• [Exercise details]
Word for word, copy the line that contains "Collage sobre encarte" and each line after it in the data below. Pictures stay out of the copy.

• [Available data]

--------------------------------

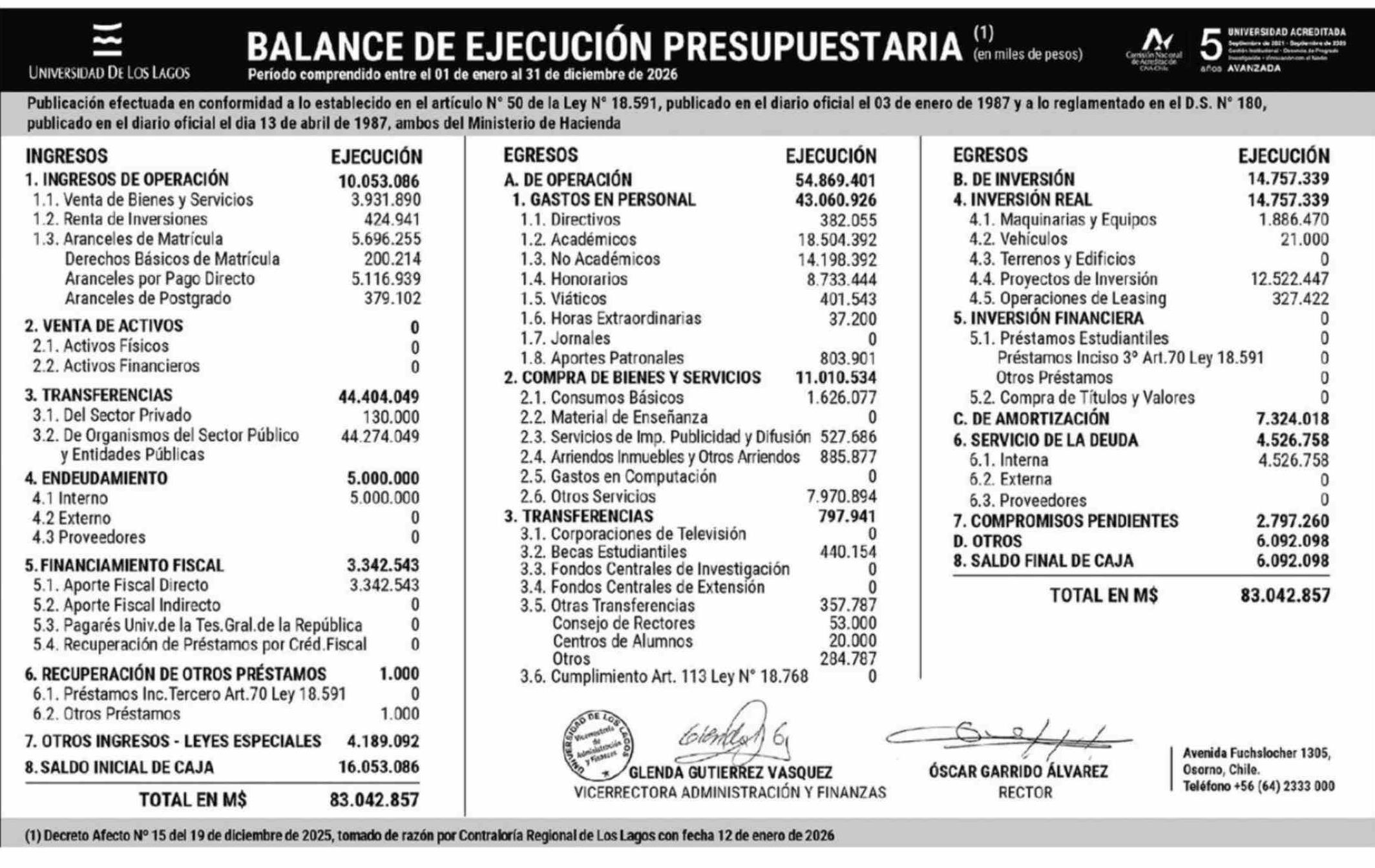 Título: Extractos: BALANCE DE EJECUCIÓN PRESUPUESTARIA
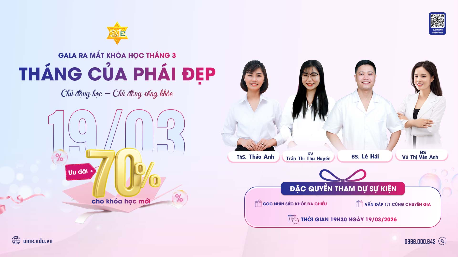Nhằm đồng hành cùng phụ nữ trên hành trình đó, OM’E Việt Nam tổ chức Livestream Ra Mắt Khóa Học Tháng 3 với chủ đề “Tháng của Phái đẹp: Chủ động học – Chủ động sống khỏe”. Chương trình không chỉ là dịp giới thiệu các khóa học mới, mà còn là không gian chia sẻ kiến thức chuyên môn, giúp mỗi người hiểu rõ hơn về cơ thể, cảm xúc và cách chăm sóc bản thân một cách chủ động, bền vững.
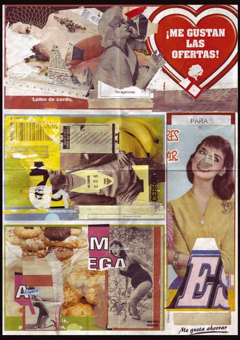 Collage sobre encarte de supermercado del que se aprovechan ciertas partes del diseño. Junto con pequeños trozos de materiales encontrados en las calles y una serie de imágenes extraídas de varias publicaciones, realizamos el nuevo diseño. Todo ello unido con pegamento y diferentes cintas adhesivas, que a su vez, han sido recogidas del mismo modo que el resto de componentes.
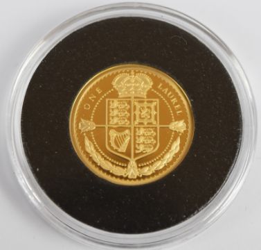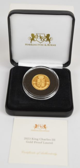 Harrington & Byrne cased limited edition (of 999) 2023 proof gold laurel 22ct Charles III coin, weight 8.00g, with Harrington & Byrne certificate

--------------------------------

• [Completed exercise]
 Collage sobre encarte de supermercado del que se aprovechan ciertas partes del diseño. Junto con pequeños trozos de materiales encontrados en las calles y una serie de imágenes extraídas de varias publicaciones, realizamos el nuevo diseño. Todo ello unido con pegamento y diferentes cintas adhesivas, que a su vez, han sido recogidas del mismo modo que el resto de componentes.
 Harrington & Byrne cased limited edition (of 999) 2023 proof gold laurel 22ct Charles III coin, weight 8.00g, with Harrington & Byrne certificate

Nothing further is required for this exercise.